[Supplied material]
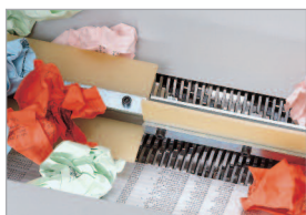
Accepte sans problème les papiers froissés
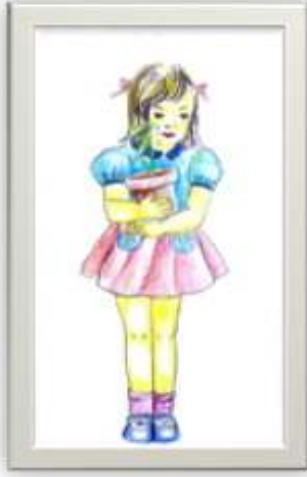
وسيط رقم ( ٢ )

الرسم من الطبيعة كمنطلق لتقديم وسائل فنية تساعد على تنمية قدرات الانتباه والفهم والتذكر لفئة بطيئي التعلم
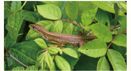
▲ニホンカナヘビ(令和4年6月撮影)
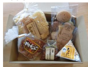
池田のこびりセット
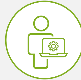
MANAGED SERVICE PROVIDER
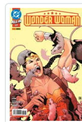
WONDER WOMAN, 3 AA.VV.
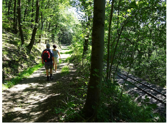
Durch den Wald geht es weiter abwärts.
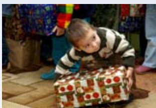
... est occasionnellement ...

équipe de volontaires ayant confectionné des paquets s'est rendue sur place en Moldavie. En collaboration avec des églises locales, les paquets ont été remis à des hommes, des femmes et des enfants. Ils les ont distribués dans des écoles, des jardins d'enfants, dans des logements misérablement équipés, et ailleurs encore.
[/Supplied material]
Task brief: Without the pictures, reproduce each line from the one containing "WONDER WOMAN, 3 AA.VV." through the last line of the material above, both of those lines included.

Solution for this problem:
WONDER WOMAN, 3 AA.VV.
Durch den Wald geht es weiter abwärts.
... est occasionnellement ...

équipe de volontaires ayant confectionné des paquets s'est rendue sur place en Moldavie. En collaboration avec des églises locales, les paquets ont été remis à des hommes, des femmes et des enfants. Ils les ont distribués dans des écoles, des jardins d'enfants, dans des logements misérablement équipés, et ailleurs encore.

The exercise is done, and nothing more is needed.